My heart chucks itself at my chest, pounding against those words: Better. Alone.
Enough procrastinating. I have to guarantee that Draven will not be my future.
In the bedroom, a breakfast tray has gone cold. I wipe a line of syrup off the plate and set it gently on my tongue before sealing it in, letting it seep over my tastebuds, like it’s a fresh drop from the River Lethe about to cleanse me of every Draven related memory.
I’m starving.
Rich slants of afternoon sun warm the narrow wood floors and sugar scents the air, creating a happy haze, and yet Cross’s bedroom exudes a hollowness, as if it’s not quite home.
Voices clash in the hall, low, angry. I startle, knocking the syrup decanter into the valley of strawberries. “No,” I mutter, fumbling to fix it, using waffles like sponges, licking my fingers.
The door opens. I spin, cheeks ablaze.
“A fork?” Cross asks as he kicks the door shut. “Which step of the Great Plan involves eating me?”
Whipped cream dissolves into a puddle of golden goo. “I would’ve preferred a knife, but it seems hostages aren’t privy to slicing their food.”
“Leni, if you wish for me to cut your drowning waffles, say the word. But if you’re thinking of killing me, knives are in the top drawer. Left side.” He nods at the dresser. “The fork will just piss me off.”
He scrubs at the start of dark scruff on his jaw.
He’s different. Tired, as if our time apart was years for him and mere hours for me. Sunken, purple under-eyes, red on his lip, hair messy, like he’s been pulling it. Again.
Even the bands on his wrists seem dull.
“And you’re not a hostage,” he adds.
“You locked the door and left me without so much as a book for entertainment.”

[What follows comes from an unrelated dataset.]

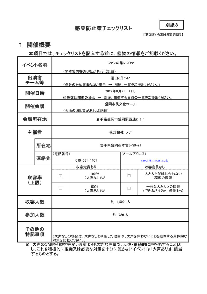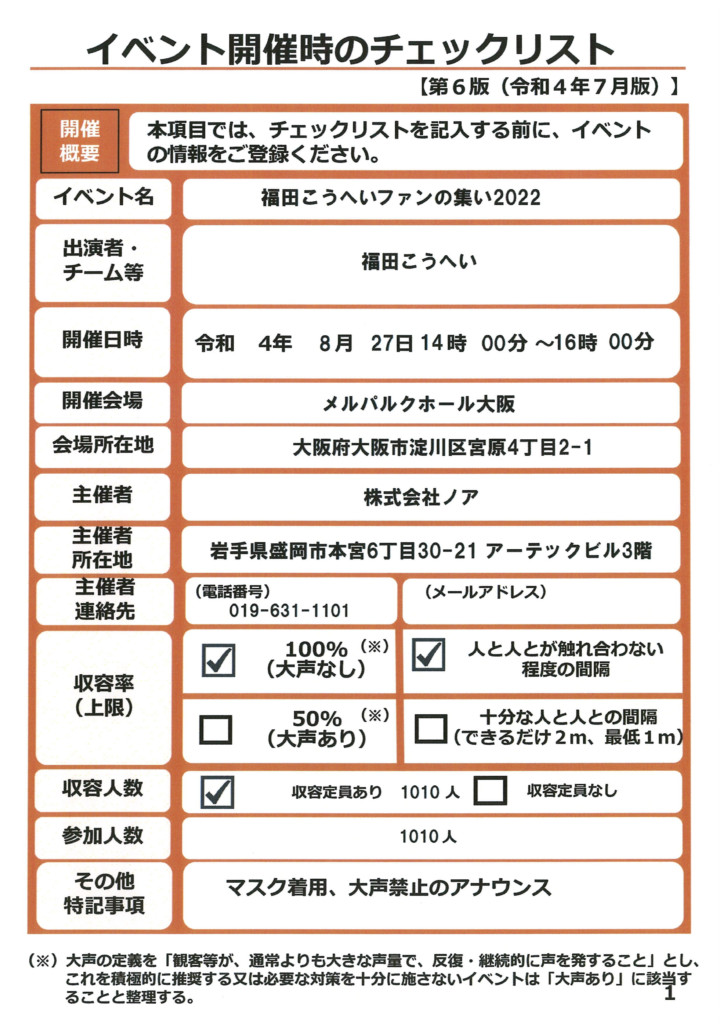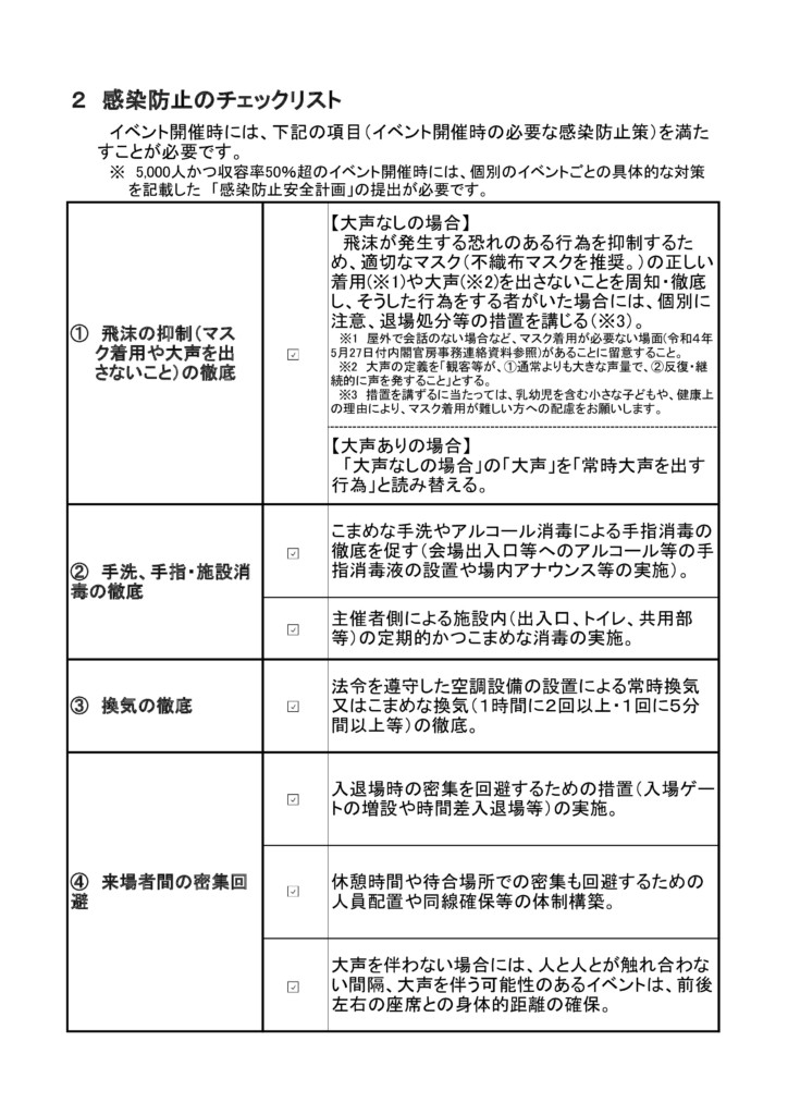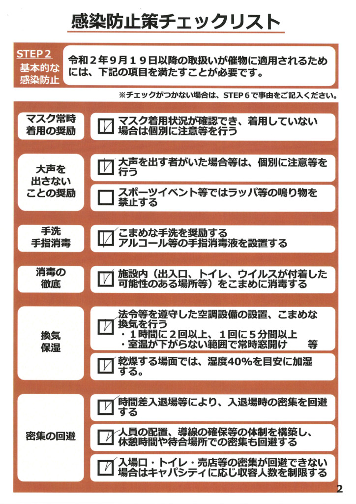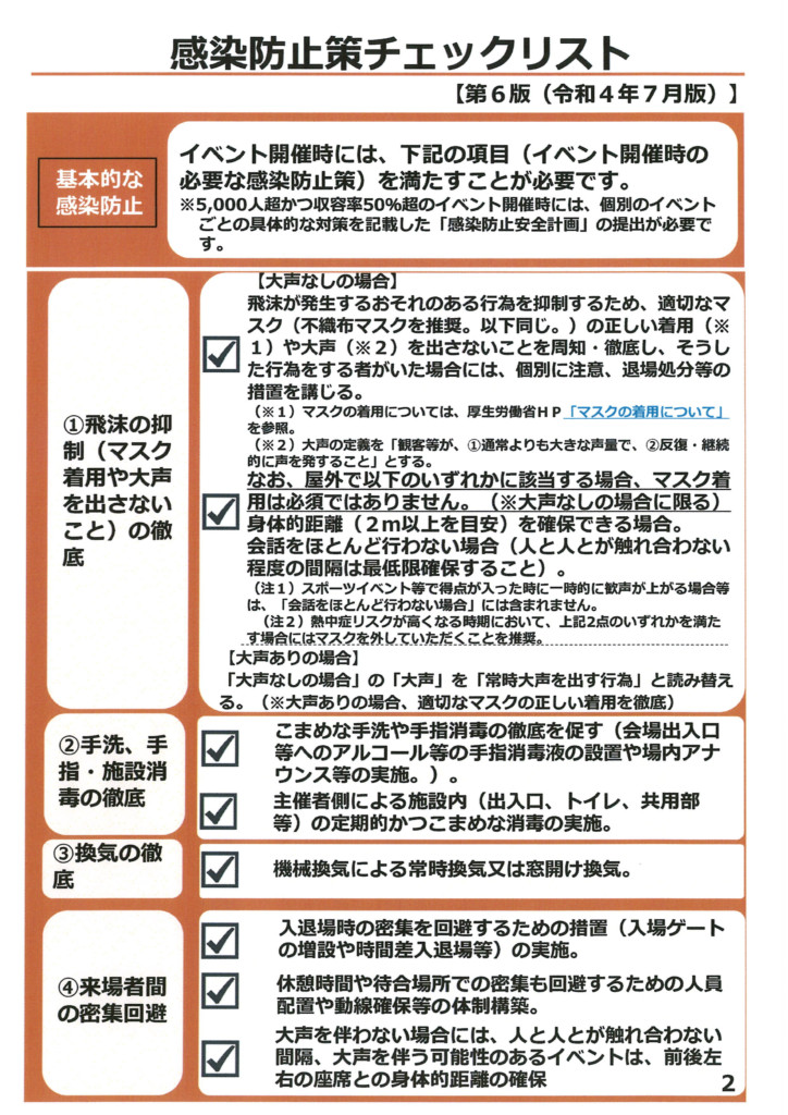 感染対策チェックリスト(ファンの集い)

“Didn’t you hear some asshole broke the bathroom lock? I was trying to give you some privacy.” He stalks to the dresser, opens the bottom drawer, and sets a red deck of cards on top. “Entertainment. I figured you’d snoop.”
Nope! Too busy alternating the shower spray from hot to cold to hot to stop associating him with warm wet skin, like your run-of-the-mill depraved training exercise. “I didn’t.”
He fits the card stack between his thumb and middle finger, a comfortable, I-know-cards gesture, and fans the suits. “For the best, I suppose. There’s only so many games of solitaire the body can withstand.”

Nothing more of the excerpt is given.